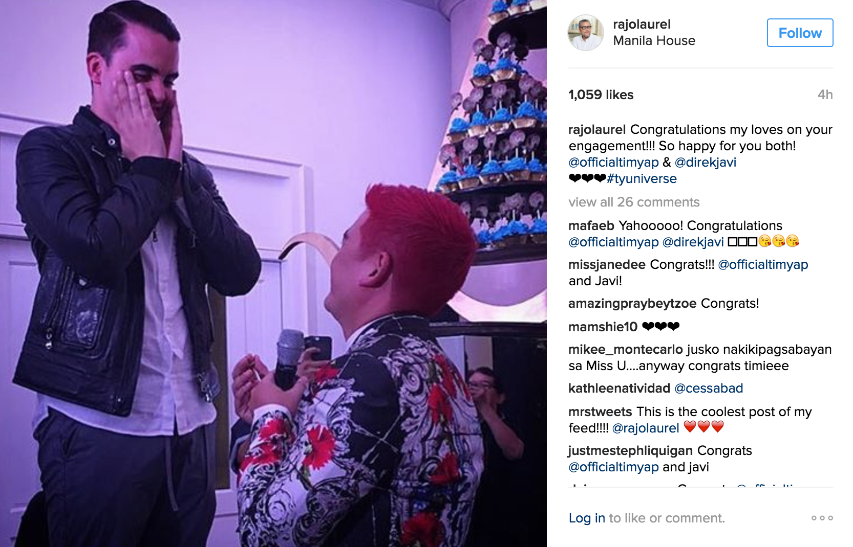 In an Instagram post of fashion designer Rajo Laurel on January 20, 2018 (which was later reposted by his friends, Isabelle Daza and Joey Mead) on January 20, 2017, Rajo shared this momentous event in Tim and Javi’s lives.
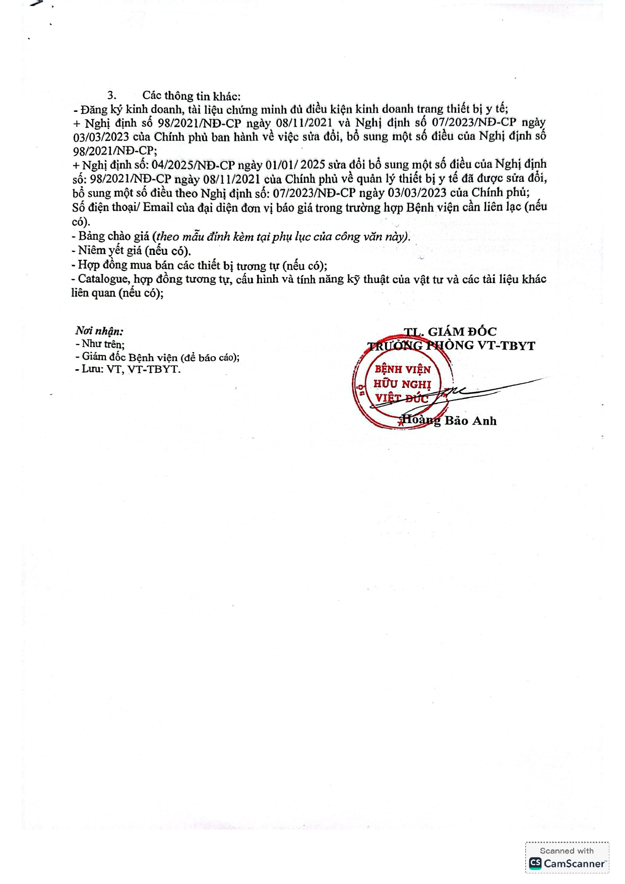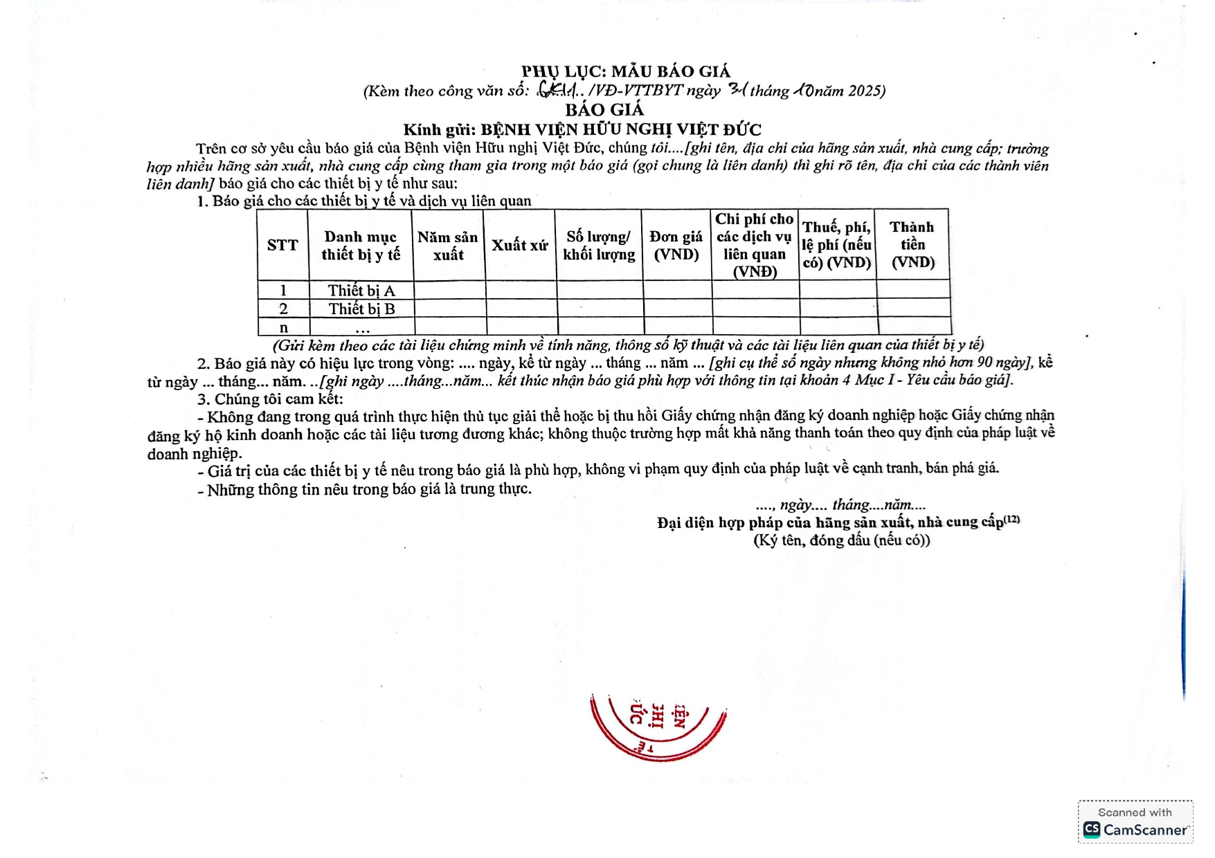 Bệnh viện Hữu nghị Việt Đức có nhu cầu tiếp nhận báo giá để tham khảo, xây dựng giá gói thầu, làm cơ sở tổ chức lựa chọn nhà thầu cho hồ sơ mua sắm linh kiện, phụ kiện, vật tư thay thế sử dụng cho trang thiết bị y tế với nội dung cụ thể như sau:
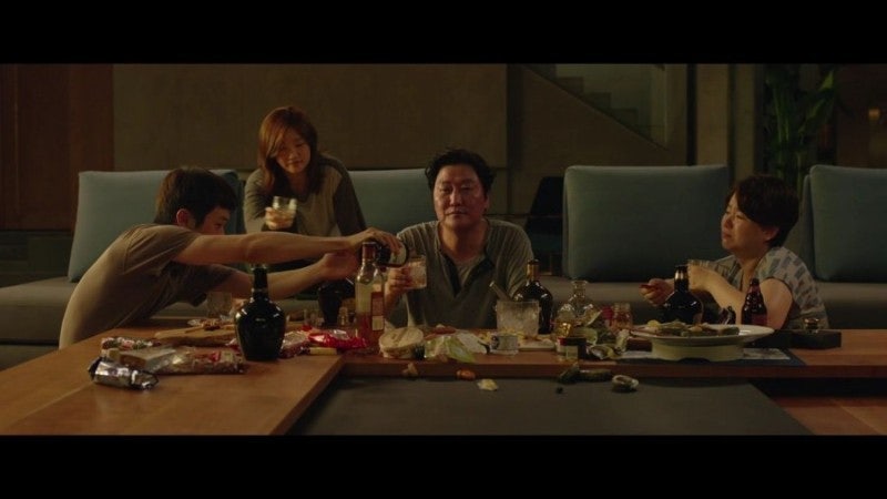 7) 기택네 가족이 몰래 양주파티를 벌이는 씬에서 제작진들은 푸아그라와 통조림 등 가격대가 높은 다양한 안주를 준비했는데, 사전에 합의한 것도 아닌데 기택네 가족들은 촬영 시 모두들 감자칩과 땅콩만 먹었다고 합니다.

* [TASK ITEM] Only the lines from the line with "Bệnh viện Hữu" to the bottom of the material above should be reproduced, exactly and without pictures.

* [FINAL ANSWER]
 Bệnh viện Hữu nghị Việt Đức có nhu cầu tiếp nhận báo giá để tham khảo, xây dựng giá gói thầu, làm cơ sở tổ chức lựa chọn nhà thầu cho hồ sơ mua sắm linh kiện, phụ kiện, vật tư thay thế sử dụng cho trang thiết bị y tế với nội dung cụ thể như sau:
 7) 기택네 가족이 몰래 양주파티를 벌이는 씬에서 제작진들은 푸아그라와 통조림 등 가격대가 높은 다양한 안주를 준비했는데, 사전에 합의한 것도 아닌데 기택네 가족들은 촬영 시 모두들 감자칩과 땅콩만 먹었다고 합니다.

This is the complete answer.